More on the al-Qaeda plot to kill Bush
An American student who was imprisoned in Saudi Arabia for the last 20 months was returned to the United States and accused by the Justice Department on Tuesday of plotting with members of Al Qaeda in 2003 to assassinate President Bush. In an indictment unsealed in federal court in Alexandria, Va., the student, a 23-year-old American citizen named Ahmed Omar Abu Ali, is charged with providing material support for terrorism. Mr. Abu Ali is accused of training with Al Qaeda overseas and wanting to "become a planner of terrorist operations" like Mohammed Atta or Khalid Shaikh Mohammed, two Qaeda leaders central to the Sept. 11, 2001, attacks.
The indictment's accusations rely mainly on the testimony of several unnamed co-conspirators. While American officials said they took the threat seriously, the indictment suggests that any plot to assassinate Mr. Bush did not move beyond the discussion stages among extremists in Saudi Arabia, and Mr. Abu Ali was not charged under the federal statute on assassinations.

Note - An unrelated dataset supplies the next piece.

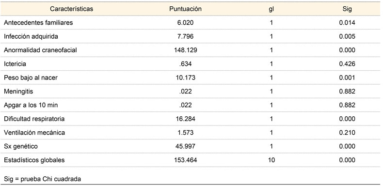 Los antecedentes heredofamiliares de pérdida auditiva neurosensorial, infección adquirida, anormalidades craneofaciales, bajo peso al nacer (menor de 1500 g), dificultad respiratoria y síndrome genético en un análisis bivariado (Chi cuadrada) fueron significativas, p < 0.05, como se muestra en el cuadro IV.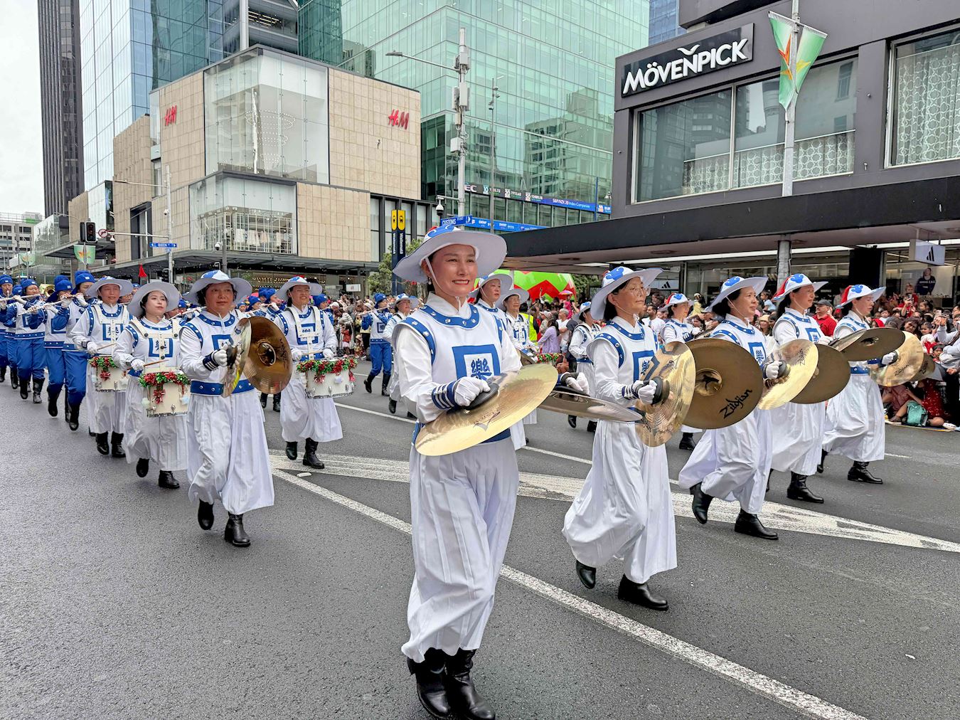 当由澳洲、新西兰法轮功学员组成的天国乐团以整齐的队伍、雄壮的军乐曲风亮相时,全场立刻爆发热烈掌声,不少民众举起手机抓拍精彩瞬间。天国乐团蓝白相间的古典服饰、饱满宏亮的铜管乐声与现场节庆气氛完美融合,令许多观众连连称赞。美丽的法船上中英文真、善、忍理念非常醒目,紧随其后的舞龙队以灵动的龙身、富有动感的节奏,引发孩子们阵阵惊呼,街道两旁的人群不断挥手致意。

Friends of Mr. Abu Ali and defense lawyers denied that he was part of any terrorist plot and accused the Justice Department of an overzealous prosecution. They said that Mr. Abu Ali, a valedictorian at an Islamic high school in suburban Washington, was the victim of torture at the hands of the Saudis after his arrest there in June 2003, an assertion that a federal judge in Washington appeared to validate in a recent ruling in a lawsuit brought by Mr. Abu Ali's family to force his release.